0

Is there a way to natively select the last day of each quarter in PySpark? For example, in a df containing two columns - yyyy_mm_dd and sum. How could I return sum for the last day of each quarter? For the current / in progress quarter it would be good to show the max date instead.

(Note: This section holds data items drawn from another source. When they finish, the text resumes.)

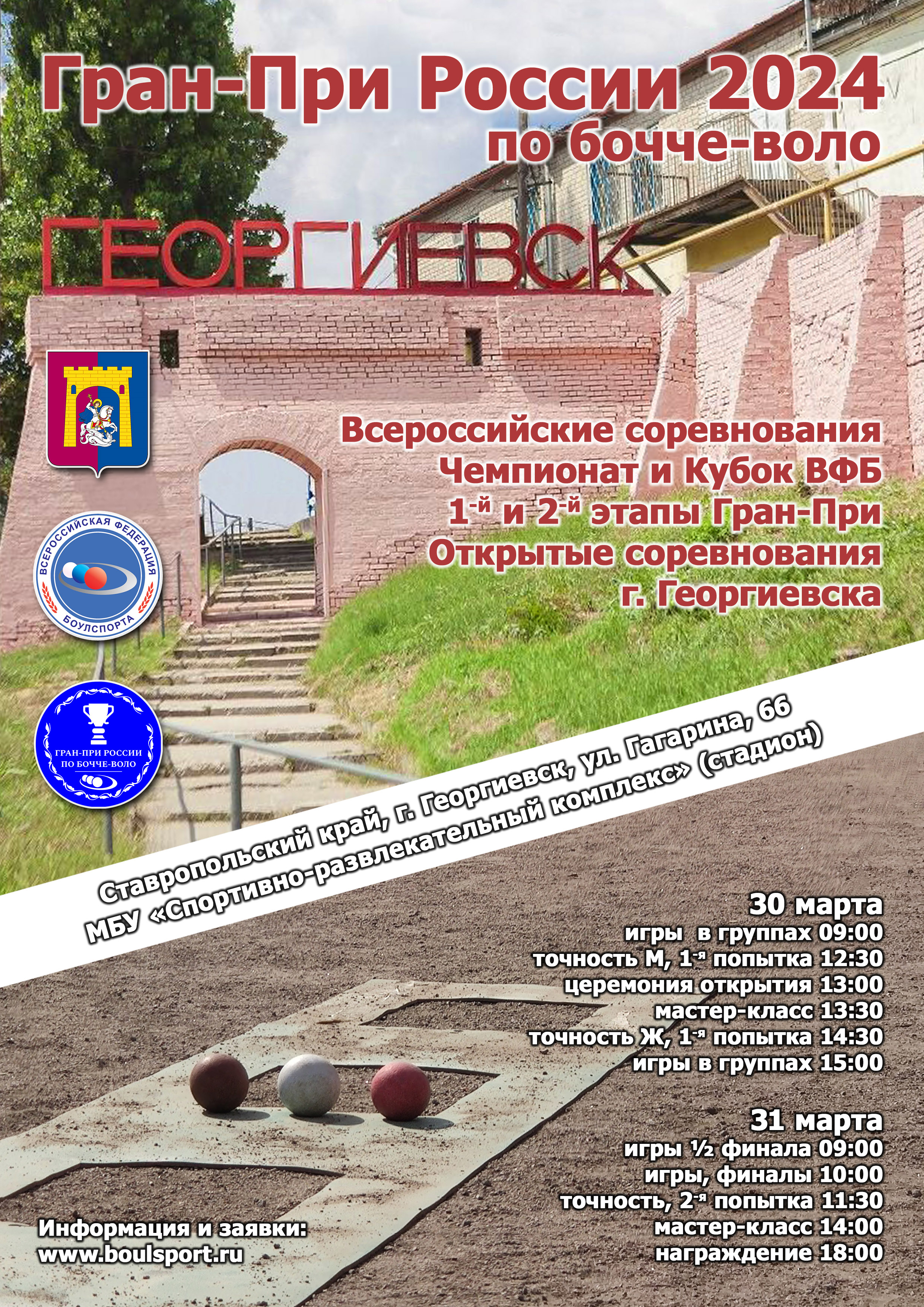Федерация боулспорта Ставропольского края приглашает на открытие сезона в бочче-воло 30-31 марта: чемпионат и кубок Всероссийской федерации боулспорта, первый и второй этапы Гран-При России по бочче-воло (одиночка, точность).
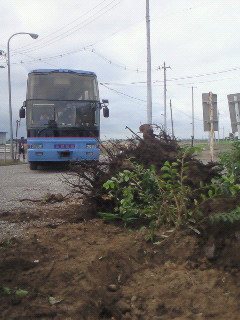 バスと切り株にワイヤーをひっかけ、そのままバスの力で引っ張るというものでした。
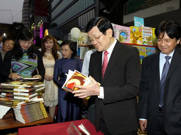 | Chủ tịch nước Trương Tấn Sang và lãnh đạo TP.Hồ Chí Minh dự khai mạc Lễ hội Đường sách của TP.Hồ Chí Minh Tết Giáp Ngọ 2014 (Ảnh:TTXVN) |
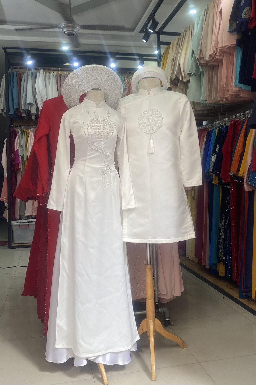 ÁO DÀI CẶP TRẮNG ĐÍNH KẾT CHỮ HỶ
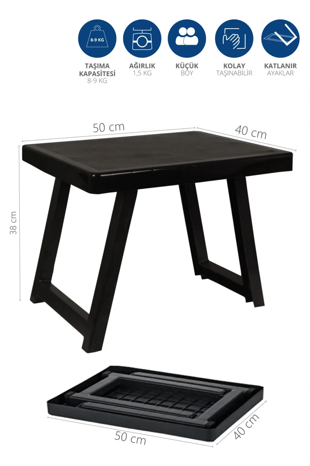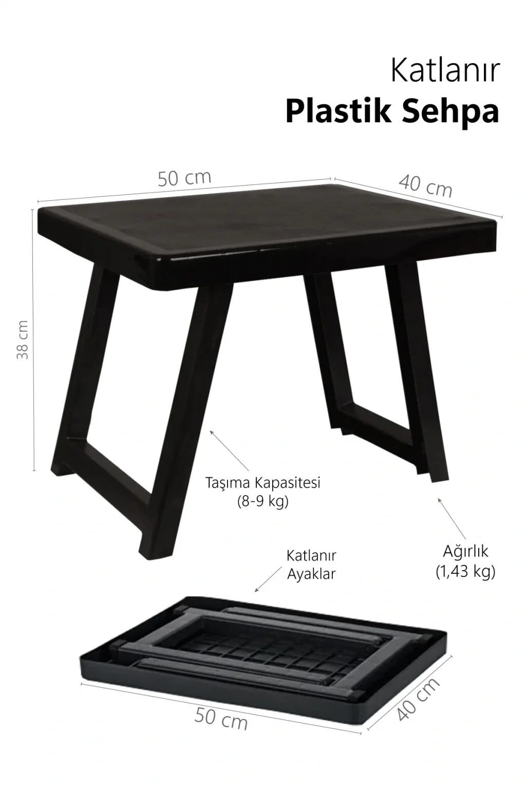 Hafif ve dayanıklı plastik malzeme kullanılarak üretilmiş, kolay taşınabilir ve uzun ömürlü kullanım sunar; Katlanabilir tasarımı sayesinde, kullanılmadığı zamanlarda yer kaplamaz ve kolayca saklanabilir; böylece kamp alanınızda ekstra yer kazandırır; Antrasit rengiyle modern ve şık bir görünüm sağlar, doğa ile uyumlu bir estetik sunar; Kolay temizlenebilir yüzeyi sayesinde hijyenik bir kullanım imkanı tanır; kamp yaparken pratiklik sağlar;
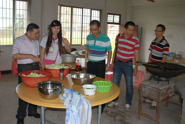 刘海涛副书记、团委郭和才书记一行随后具体察看社会实践队员的住宿环境,了解了食堂卫生情况。刘副书记在看到实践队队员做午饭的时候,更是亲自示范,为实践队员做了一道香味四溢的酱汁炒肉,实践队员们深受鼓舞,纷纷表示会饱含热情、全力投入、倾情实践!
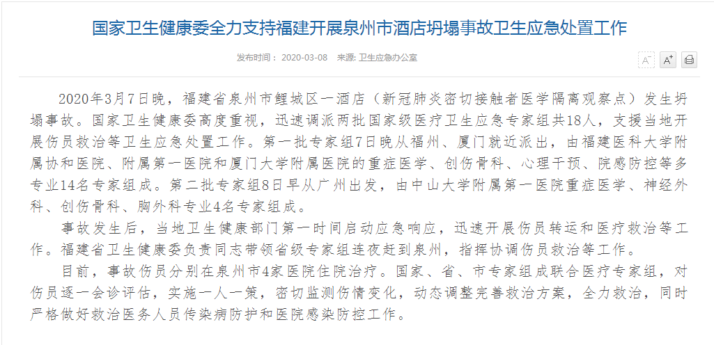 国家卫健委调派18人医疗组 开展泉州坍塌事故救治
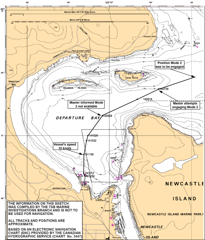 As the Queen of Coquitlam approaches Departure Bay, the procedures in the VSM require that the vessel switch from Mode 1 to Mode 2 for arrival and docking. The procedure detailing pre-arrival checks Footnote 7 specifies that Mode 2 is to be engaged when abeam of the Horswell Buoy. The master did not attempt to engage Mode 2 until abeam of Jesse Island, which is 0.5 nm west of the Horswell Buoy and closer to the berth. Furthermore, the bridge crew did not notice that Mode 2 had not engaged until the vessel was inside Departure Bay, 0.9 nm west of Horswell Buoy. By not attempting to engage Mode 2 at the location specified in the VSM, the master had a reduced amount of time to assess the situation and take corrective action.
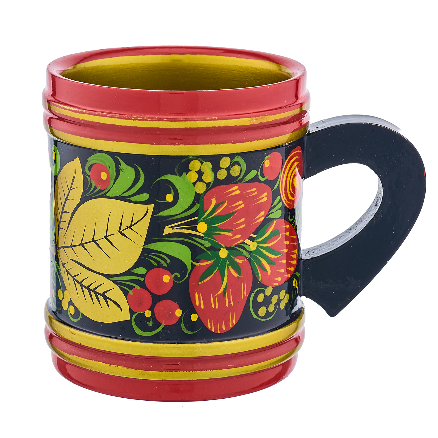 Кружка деревянная с росписью "Клубника". Хохлома
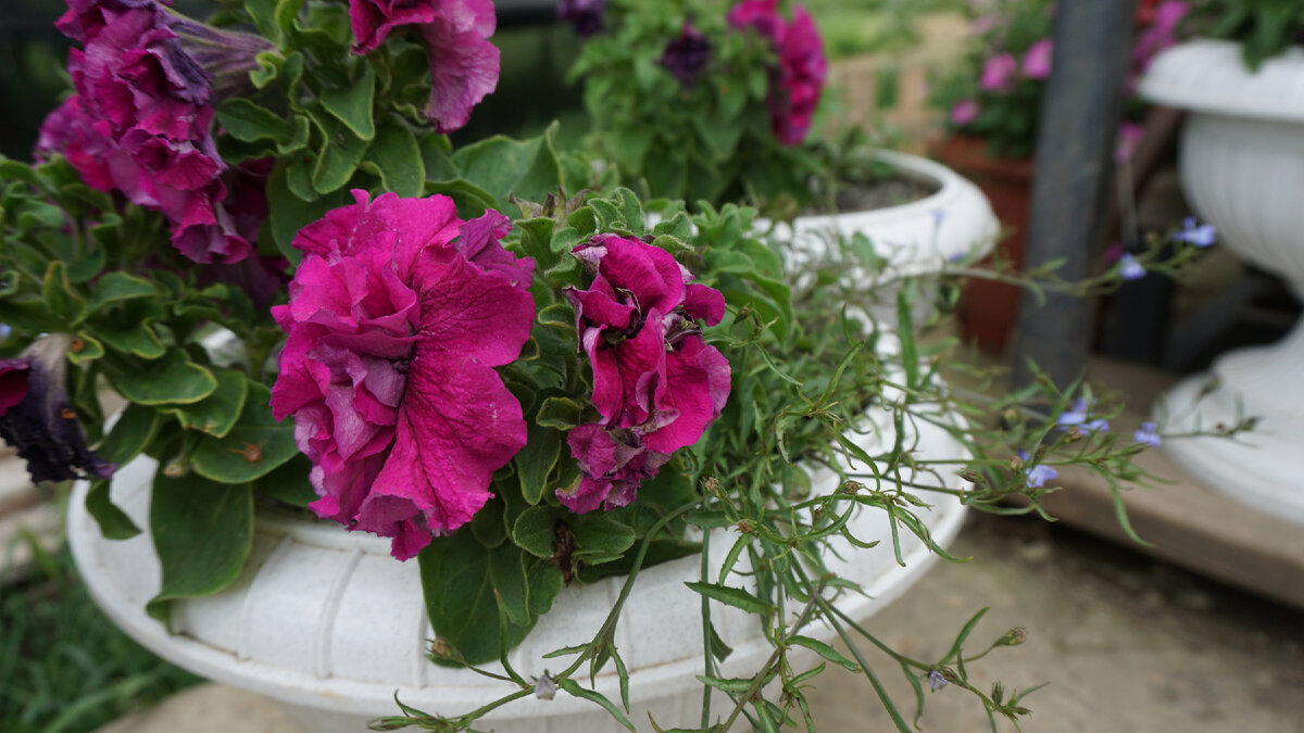В прошлом - 2023 году пришла идея - поставить вазоны вдоль лестницы с пышными цветами. На фото других блогеров петунии растут огромными кустами и я задалась вопросом: "А в чём же секрет?". Спойлер: цели я добилась и пышные кусты цвели на крыльце с мая по октябрь. Делюсь своим опытом. 1 ПРАВИЛО: не покупать рассаду петуний, а выращивать её самим из семян. Да, это трудозатратнее, но только при соблюдении этого первого правила, результат в виде пышного вазона с цветами будет обеспечен. Я не встречала в торговых центрах и на рынках рассады петуний, которая бы смогла сравниться по качеству цветения с моими петуниями. На фото отражён процесс пикировки петуний, в этом году я использовала синтетические мешочки. Главный секрет хорошей рассады - во время активного роста увеличить объем кашпо. По хронологии событий - 1 февраля посеяла семена на рассаду, 20февраля-1 марта (фаза 2-3 настоящих листьев) распикировала, после этого, 1 апреля пересадила петунии в горшки объёмом 1-2 литра. Петуния люби

I looked at this solution Get First Date and Last Date of Current Quarter in Python? and it works, however I was wondering if there is a solution using PySpark syntax rather than a udf?

mck
  • 40,932
  • 13
  • 35
  • 50
stackq
  • 491
  • 2
  • 15
  • does this help? https://stackoverflow.com/a/63821792/14165730 – mck Feb 08 '21 at 12:33
  • It helps a bit but seems to take the start date of the previous quarter whereas I need max date in current quarter. Similar to `.where(F.col('yyyy_mm_dd') == last day of q)` – stackq Feb 08 '21 at 12:39

2 Answers2

3

Using a similar approach as in this answer:

df2 = df.withColumn(
    'last_day',
    F.expr("""
        to_date(
            date_trunc('quarter', to_date(input_date) + interval 3 months)
        ) - interval 1 day
    """)
)

df2.show()
+----------+----------+
|input_date|  last_day|
+----------+----------+
|2020-01-21|2020-03-31|
|2020-02-06|2020-03-31|
|2020-04-15|2020-06-30|
|2020-07-10|2020-09-30|
|2020-10-20|2020-12-31|
|2021-02-04|2021-03-31|
+----------+----------+

Then you can filter the rows where input_date == last_day


Edit: I might have misunderstood the question. You can try this approach using group by on the quarter and selecting the last row in each quarter:

from pyspark.sql import functions as F, Window

df2 = df.withColumn(
    'rn', 
    F.row_number().over(Window.partitionBy(F.year('input_date'), F.quarter('input_date')).orderBy(F.desc('input_date')))
)

df2.show()
+----------+---+
|input_date| rn|
+----------+---+
|2021-02-04|  1|
|2020-10-20|  1|
|2020-07-10|  1|
|2020-02-06|  1|
|2020-01-21|  2|
|2020-04-15|  1|
+----------+---+

And filter the rows with rn = 1, which should be the last day in each quarter.

mck
  • 40,932
  • 13
  • 35
  • 50
  • After filtering on `input_date == last_day` I think there would be no rows for incomplete quarters. though i still need to run it – stackq Feb 08 '21 at 12:44
  • I'm using Spark 2.2.0 so date_trunc() is actually unavailable unfortunately – stackq Feb 08 '21 at 12:50
  • @stackq see the edited answer? maybe it will do what you wanted – mck Feb 08 '21 at 12:51
  • Run into an illegal character `q` error. But yes, maybe the original Q wasn't too clear. I'm essentially trying to do the equivalent of `select * from t where yyyy_mm_dd in ('2020-01-31', '2020-06-30', 2020-09-30', '2020-12-31', '2021-03-31' ....)` but without hardcoding dates – stackq Feb 08 '21 at 13:16
  • modified to be hopefully compatible with spark 2.2 ... I used `quarter` and `year`. please try again? @stackq – mck Feb 08 '21 at 13:19
1

You want to deduplicate and keep the max date that exists in each quarter. You can use trunc with Window function :

from pyspark.sql import Window
from pyspark.sql import functions as F

w = Window.partitionBy(F.trunc('date_col', 'quarter')).orderBy(F.col('date_col').desc())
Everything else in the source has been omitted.